Again, low-level i/o C++.

Правка en1, от xsc, 2017-01-26 02:14:27

I decided to rewrite this post, previously has been deleted.

I know there a many of posts low-level i/o.

scanf/printf solves slowly i/o, partially, but not always.

Most generic usage i/o — is read and write integers, so I'll write about it without a hundred of source code.

1. Read integers.

For simplicity, all input file content loaded to a big buffer, and it will be parsed.


char in[1<<23] ; // a big buffer char const* o ; // pointer to buffer.

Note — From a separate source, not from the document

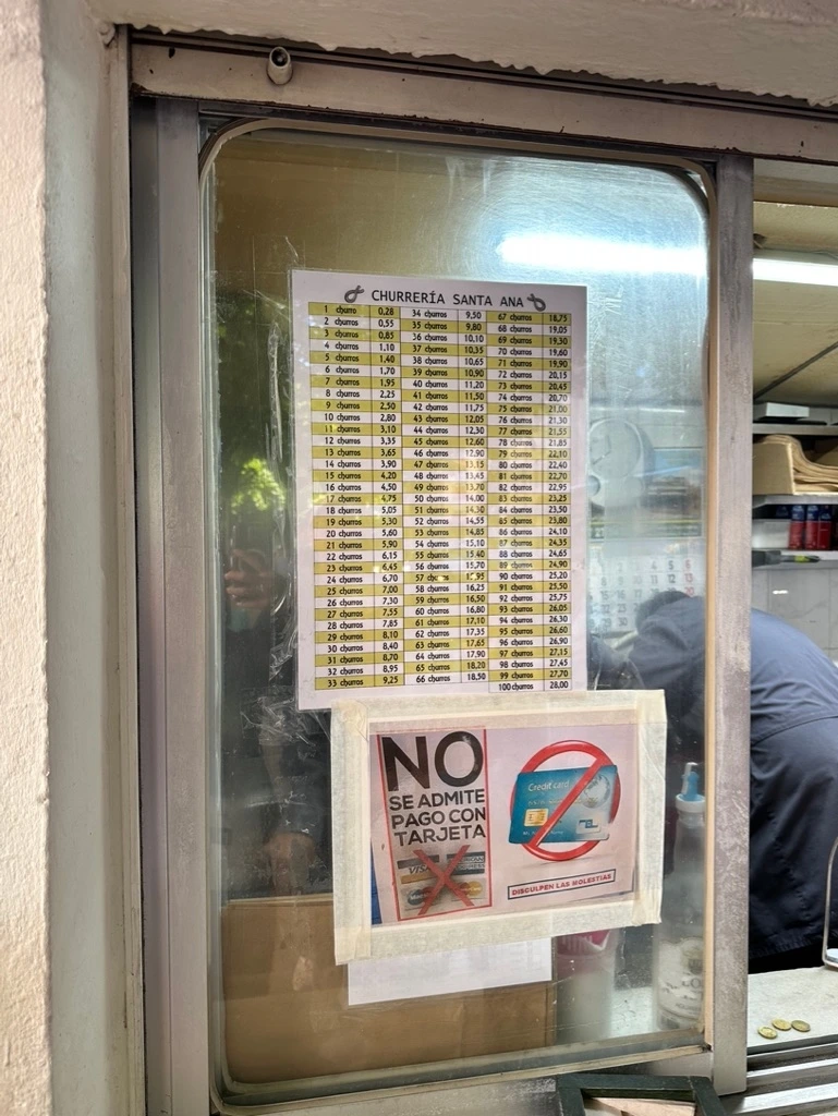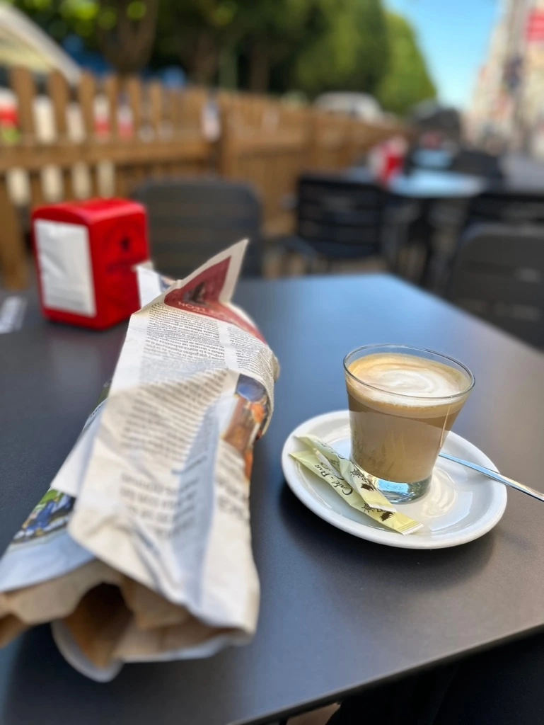 츄러스 가게도 부모님 나이만큼이나 오래된 곳이다. 현지 할아버지들도 줄을 서 계셔서 현지인 맛집임을 알 수 있었다. 1개에 0.28유로, 계산하기 편하게 100개까지 가격을 붙여놓았다. 한국에서도 이런 걸 붙여놓는 집을 봤던 거 같은데. 오로지 츄러스만 판매하고 포장만 하는 집이라 음료와 함께 먹고 싶으면 근처 카페에 가지고 가면 된다. 카페 안에서 츄러스를 먹는 사람들도 있긴 했는데 왠지 눈치가 보여서 커피를 시켜서 테라스로 가지고 나왔다.

And for detecting end of buffer, put '\0' — terminating symbol to end of buffer ( as plain c-string).

Now loading the file:

void load(){  o = in;   in [   fread(in,  1,  sizeof(in ) - 4 ,  stdin ) ] = 0; }

fread - returns number of reading symbols, we just use this for put '\0' terminating symbol to end of buffer.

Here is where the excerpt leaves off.